Mrs May also said, "I want the broadest and deepest possible agreement - covering more sectors and co-operating more fully than any Free Trade Agreement anywhere in the world today."

She then contradicted herself by dropping her offer of a "binding commitment" to follow EU rules. The Brextremists watered it down to making "strong commitments".

So the believers in 'cake' are still calling the tune, leading Mrs May to a Brexit that can never satisfy her stated requirements.

Mrs May is a little dog being pulled along on her lead, straining against it but unable to resist. When asked recently if leaving the EU would be worth it for the UK her answer was: "the British people voted for Brexit".

She knows we will be worse off economically, she knows that any new deal would be worse than our current one, she knows that we will have to keep paying into the EU but will have no influence.

Even our shiny new blue passports are going to be printed in France.

Potholes

One thing I remember vividly from a visit to Chicago some years ago was the awful state of the main highway that followed the shoreline of Lake Michigan. I thought to myself that in the UK we would never let a city road fall into such disrepair, leaving it so full of potholes.
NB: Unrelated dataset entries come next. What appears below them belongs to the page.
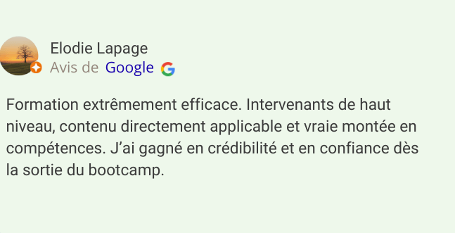 Après validation du paiement, vous recevez toutes les informations pratiques (dates, lieu, organisation) ainsi qu’un accès aux supports pédagogiques liés au bootcamp suivi.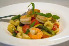 Отварить ньокки в соленой кипящей воде до тех пор, пока они не всплывут. Слить воду через дуршлаг. Выложить ньокки в сковороду с соусом и готовить еще 2 мин, для того, чтобы ньокки пропитались соусом.
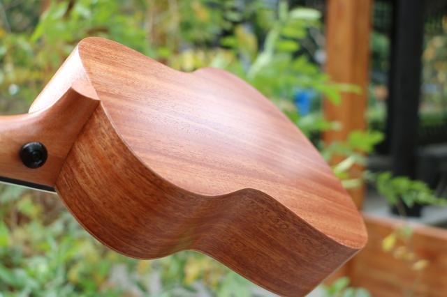 Populele智能尤克里里-咪蒙背板和侧板选用非洲桃花芯木,它与腔体面板形成的了鲜明的对比,双色搭配产生的效果可谓是无与伦比。Populele智能尤克里里-咪蒙的背板与手接触过程中会发出清脆的摩擦声,在二者接触的瞬间有一种莫名的丝滑感。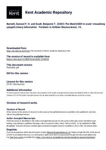 Barnett, Samuel F. H., Goult, Benjamin T. (2022) The MeshCODE to scale—visualising synaptic binary information. Frontiers in Cellular Neuroscience, 16 . Article Number 1014629. E-ISSN 1662-5102. (doi:10.3389/fncel.2022.1014629) (KAR id:98138)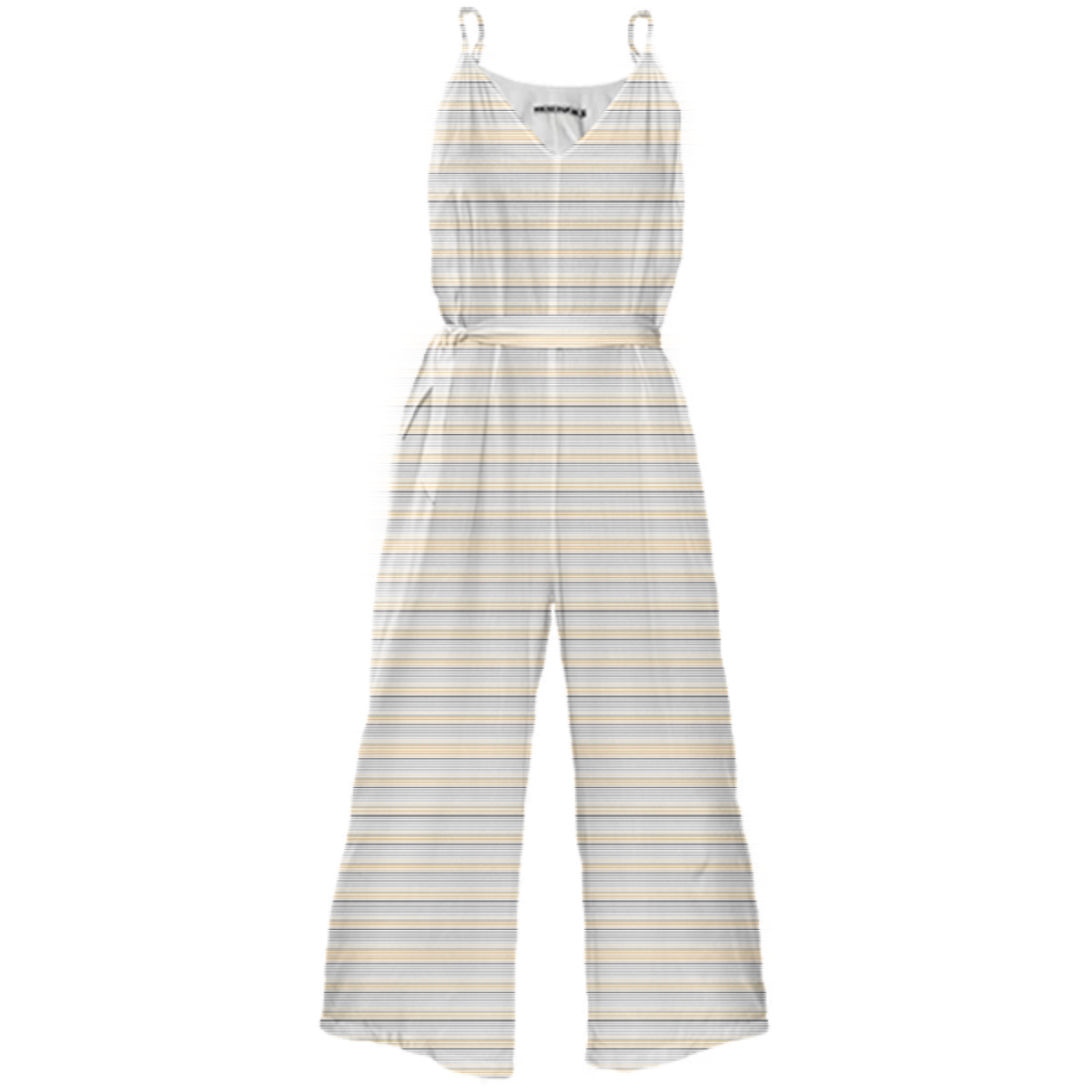 Wide leg jumpsuit with adjustable spaghetti straps invisible side seam zipper and a tie belt.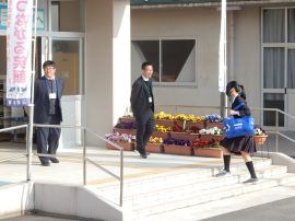 「先日、ある会社の方から、学校に電話がありました。『仕事をしていたら、三和学園の生徒が、今帰りましたって元気にあいさつをしてくれましてね。最近あいさつをしてくれる子どもさんが福知山に少ないから本当にうれしくって、何かできることはないかって思いまして、これを作ったので卒業式に飾ってください。』と言って、この看板を頂きました。そう言われて、私は、とても誇らしく思いました。卒業式の来賓の方にも紹介しました。皆さんとてもうれしそうに、『いい話やなあ。』と感心されていました。三和学園の生徒の一言のあいさつが、たくさんの人を幸せにしました。」

Soon it will be US visitors who will despair at the state of British roads. Right now local roads need £9.3 billion to bring them up to scratch. The number of times the RAC has been called out for vehicle damage due to potholes increased by 11% last year, with 3,565 call-outs in just three months. With the government budgeting just £1.2bn a year towards maintenance things are set to get far worse - as the condition of a road surface worsens the damage builds up faster. Local councils need an extra £0.5bn just to keep things deteriorating further.

And things are deteriorating. 12% of local roads (a total of 24,500 miles) need essential maintenance before the end of this year. 20% will reach the end of their life in the next five years - up from 17% in 2017, and 12% in 2016. On average local roads are only resurfaced every 78 years.

Councils filled 2.7 million potholes in 2015 - last year it was only 1.5 million. Often now they will only repair potholes which are at least 4cm deep. In Bury the council has changed even that rule and only promise to 'investigate' potholes which are 4cm deep or more.

Just last month a cycle race with 550 entrants was cancelled - the organisers decided the risk of injuries due to potholes was just too high.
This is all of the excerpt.